=== Data to use ===

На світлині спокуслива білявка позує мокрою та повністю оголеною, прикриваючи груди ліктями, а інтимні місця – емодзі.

===
=== Data to use ===

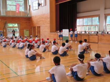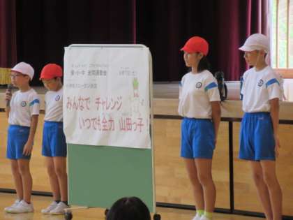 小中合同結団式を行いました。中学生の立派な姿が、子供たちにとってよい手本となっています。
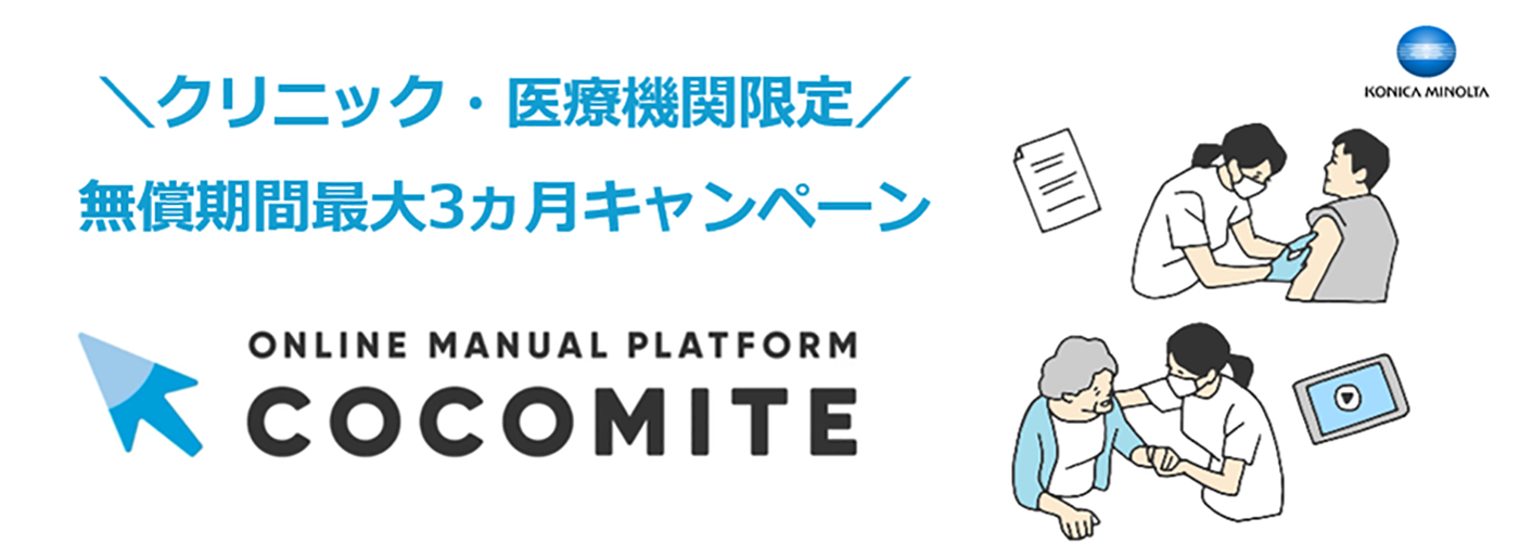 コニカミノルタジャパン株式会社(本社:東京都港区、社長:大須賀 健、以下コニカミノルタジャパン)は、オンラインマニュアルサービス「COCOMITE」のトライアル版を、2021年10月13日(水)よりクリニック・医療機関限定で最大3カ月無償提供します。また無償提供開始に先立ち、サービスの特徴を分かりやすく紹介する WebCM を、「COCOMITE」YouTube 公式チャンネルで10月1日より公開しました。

===
=== Data to use ===

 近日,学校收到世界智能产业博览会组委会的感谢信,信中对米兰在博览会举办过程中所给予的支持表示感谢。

===

Instructions to follow:
Starting with the line that has "小中合同結団式を行いました。" and ending with the line that has "WebCM を、「COCOMITE」YouTube 公式チャンネルで10月1日より公開しました。", repeat the lines above exactly, omitting every picture.

Result below:
 小中合同結団式を行いました。中学生の立派な姿が、子供たちにとってよい手本となっています。
 コニカミノルタジャパン株式会社(本社:東京都港区、社長:大須賀 健、以下コニカミノルタジャパン)は、オンラインマニュアルサービス「COCOMITE」のトライアル版を、2021年10月13日(水)よりクリニック・医療機関限定で最大3カ月無償提供します。また無償提供開始に先立ち、サービスの特徴を分かりやすく紹介する WebCM を、「COCOMITE」YouTube 公式チャンネルで10月1日より公開しました。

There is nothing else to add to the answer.